Many regulatory decisions across the world rely on surrogate endpoint evidence. Surrogate endpoints are the primary endpoints in almost half of the studies submitted to the US FDA for marketing approval of medicines [4, 5]. Recently, to inform the development pathways of medicines, the FDA published a list of accepted surrogate endpoints and disease areas that were the basis of approval or licensing of a medicinal or a biological product under both the accelerated and the traditional approval pathways [6].

Whilst surrogate endpoints enable faster outcome accrual and therefore shorter clinical trials [7], reliance on such endpoints can be problematic if they fail to fully capture the complete risk–benefit profile of a health technology [8]. Surrogate endpoints have been shown to overestimate intervention effects [9] and, in some cases, lead to increased risk of harm [10, 11].

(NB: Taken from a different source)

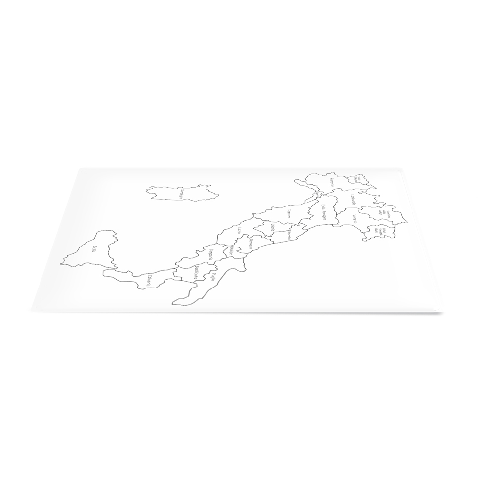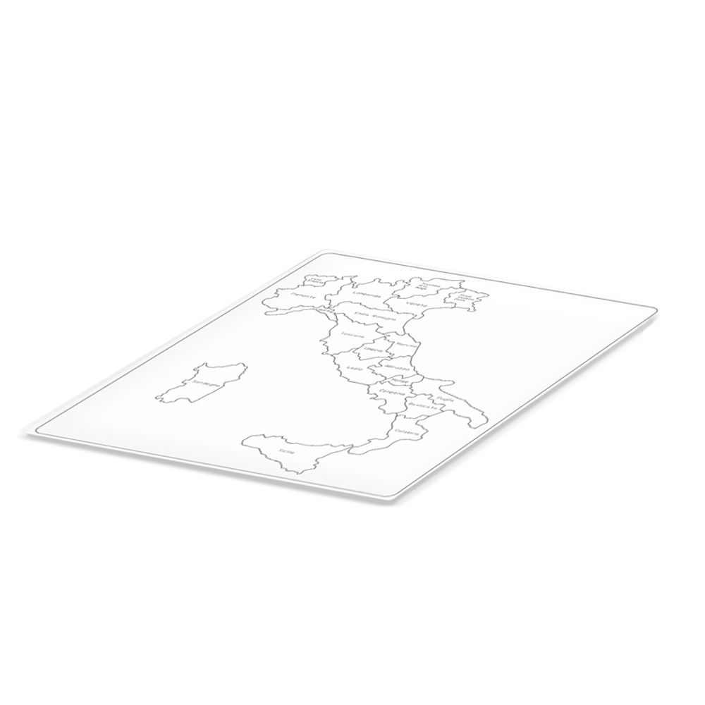 La cartina di controllo dell'Italia parlata-regioni è utile per rendere autonomo il gioco con l'incastro dell'Italia, la cartina, infatti, può essere posta sotto il puzzle per dare la possibilità di giocare autonomamente, correggere e verificare la posizione di tutte le regioni. La cartina è plastificata ed è definita "parlata" perchè indica il nome delle regioni. La cartina di controllo è utile per la scoperta e la conoscenza della geografia e per l'autoverifica. Il gioco-lavoro può essere implementato dall'utilizzo delle altre cartine che completano gradualmente l'approfondimento.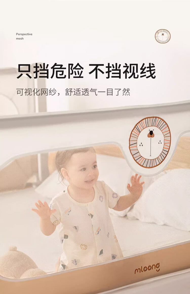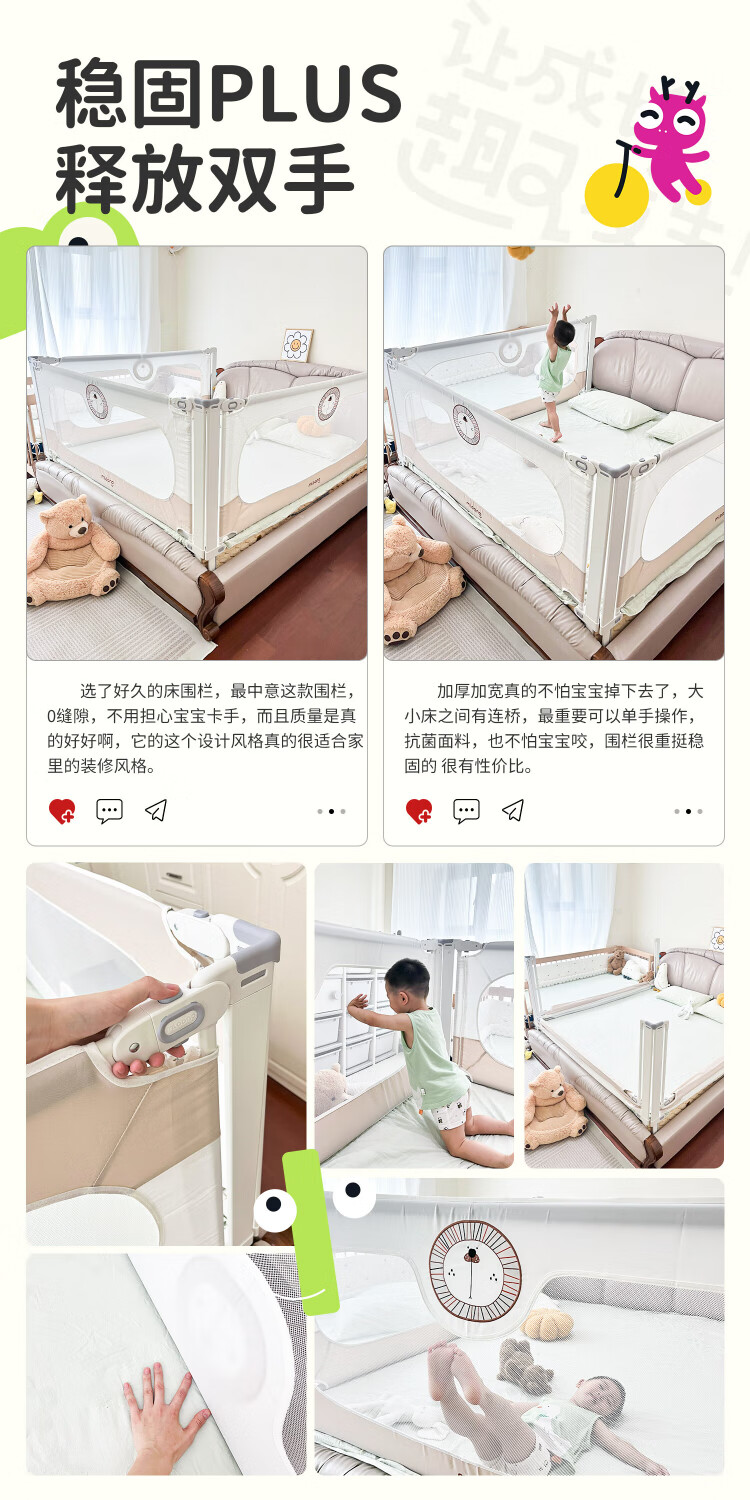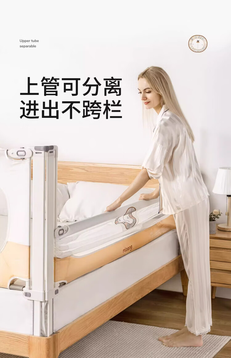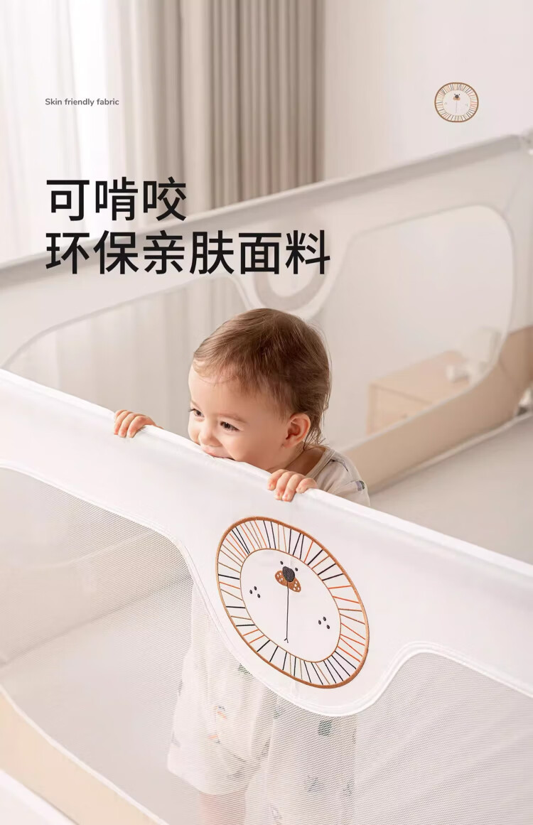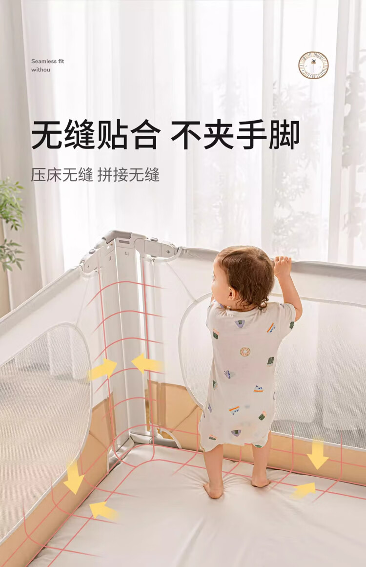 Manlong playpen baby bed fence guardrail baby anti-fall guardrail one side can be raised and lowered splicing soft bag bed fence 1.5m single-sided Monet gray 1.5m

As the use of surrogate endpoints has become more common in the licensing of new health technologies [12], health technology assessment (HTA) agencies [12, 13] are under increasing pressure to utilise such evidence in their recommendations that inform the coverage and funding of medicines and medical devices. Whether surrogate endpoint evidence is used to interpret clinical effect in the context of insufficient final patient-relevant endpoint information [14] or is translated to a different outcome (such as quality-adjusted life-year [QALY]) within an economic model [15], there is a need to ensure that the choice of surrogate is adequate. Therefore, it has been recommended that the use of surrogate endpoints be limited only to those that have been validated appropriately [1, 12, 16]. Such validation ideally requires (1) experimental evidence that demonstrates (2) an acceptable association between treatment-induced change on surrogate endpoint and treatment-induced change on final patient-relevant endpoint and (3) a quantification of the treatment-induced change on final patient-relevant endpoint based on the observed treatment-induced change on surrogate endpoint [1].

In 2009, Velasco Garrido and Mangiapane [17] published a survey of methodological guidance across international HTA agencies. Although 20 of 34 methods guidelines were reported to include surrogate endpoints, the depth and breadth varied considerably between documents. The authors concluded that “the role of surrogate outcomes in HTA is very limited”, with many agencies accepting health technologies based on surrogate endpoint evidence in the absence of definitive final endpoint data as exceptional and only when the validity of the surrogate endpoint has been proven. However, few agencies provided details on how such ‘validity’ would actually be assessed.

Given recent developments in accelerated and adaptive licensing pathways, this study undertook an updated survey to gain a contemporary picture of methods for the handling of surrogate endpoints by international HTA agencies. As this study was conducted within the European Union-funded COMED (Pushing the boundaries of Cost and Outcome analysis of Medical Technologies) project [18], we also sought to assess whether these methods for handling surrogate endpoints included specific provision for medical device technologies.

2 Methods

We sought to identify recommendations on approaching surrogate endpoint evidence in HTA as reflected by current public guidelines and technical documents from relevant HTA bodies.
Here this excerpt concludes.